On this basis, expect earnings per share (EPS) to double to 1.9p in 2020/21, and almost double again to 3.4p in 2021/22. Cash flow from operating activities is forecast to more than double, too. Analysts at WH Ireland are pencilling in a cash inflow of £48m to drive up net cash from £8.6m (30 June 2021) to £64.9m (30 June 2022), a sum worth 3p a share. The risk to forecasts looks to the upside.

 

A copper-bottomed profit generator

That’s because investors have yet to fully cotton onto the potential for Jubilee’s Zambian copper operations to produce eye-watering amounts of cash flow and profit. WH Ireland estimate Jubilee’s 100 per cent owned Sable Refinery, located adjacent to its Kabwe tailings resource in the Zambian Copper Belt, could produce copper revenue of US$119m in the 2021/22 financial year, based on 13,000 tonnes of output, an outcome that underpins operating profit of US$48.7m from that one activity alone.

If the copper price continues to perform robustly, then there could be even more upside given Sabre’s relatively fixed operating costs and a targeted unit cost of US$4,000 per tonne. The current copper spot price is US$9,780 per tonne, buoyed by the ongoing global economic recovery and US$30 trillion of fiscal stimulus programmes have been unleashed around the world to revive economies in response to the Covid-19 pandemic. These programmes all have one common factor – they are all copper-intensive.

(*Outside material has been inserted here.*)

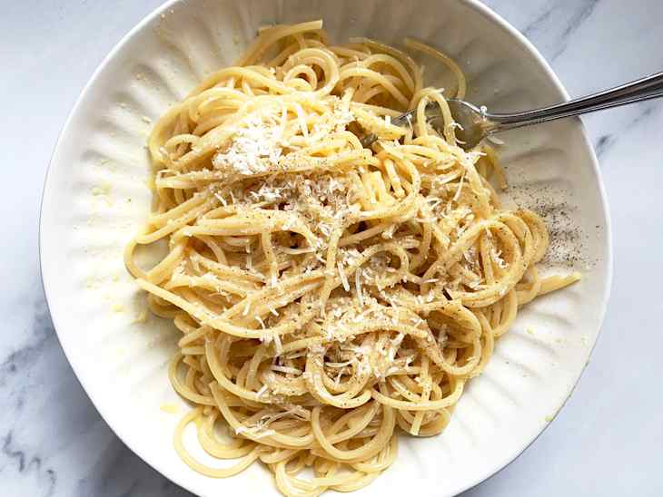 My typical bare-pantry pasta method of simply mixing cooked pasta with butter, Parmesan, and pasta water to make a cheesy sauce has been elevated with the knowledge that by adding a couple of egg yolks, a pinch of mustard powder, and some garlic powder, the whole dish soars to new heights.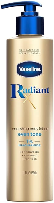 - POWERED BY SCIENCE: Vaseline Radiant X Even Tone Nourishing Body Lotion contains 1% niacinamide, coconut oil, vitamin C, peptides, and ultra-hydrating lipids that fortify the skin barrier.

For example, copper is expected to benefit from greater demand for electricity in a shift away from fossil fuels given that a greater portion of future power generation is forecast to come from renewable energy. Wind farms and solar panels require as much as five times more copper than that needed for fossil fuel power generation. Also, electric vehicles use four times as much copper as internal combustion engine (ICE) vehicles. Analysts at Bernstein estimate that copper demand from renewables and electric vehicles could increase by more than seven times by the 2050s, if the world is going to meet its net zero greenhouse gas emissions target.

Ongoing demand from China – the country accounts for 40 to 50 per cent of global demand, but only 8 per cent of supply – and the resurgent North American economy are other key reasons why the copper market moved from surplus to deficit in 2020, with estimated global demand of 26.1m tonnes exceeding supply of 25.5m tonnes. An undersupplied market is certainly good news for Jubilee as every US$1,000 per tonne increase in the copper price adds US$13m to operating profit based on 13,000 tonnes annual production.

 

Modest rating

Trading on a prospective cash-adjusted price/earnings (PE) ratio of 5, with the PGM price complex well underpinned and Jubilee set to ramp up copper production, I envisage Jubilee’s ongoing share price re-rating to continue.

In fact, having first advised buying the shares at just below 16p (Alpha Research: ‘A copper bottomed investment for the mining bull market’, 26 April 2021), I am raising my target price from 25p to 30p to factor in the sharp increase in the copper price since I initiated coverage. Strong buy.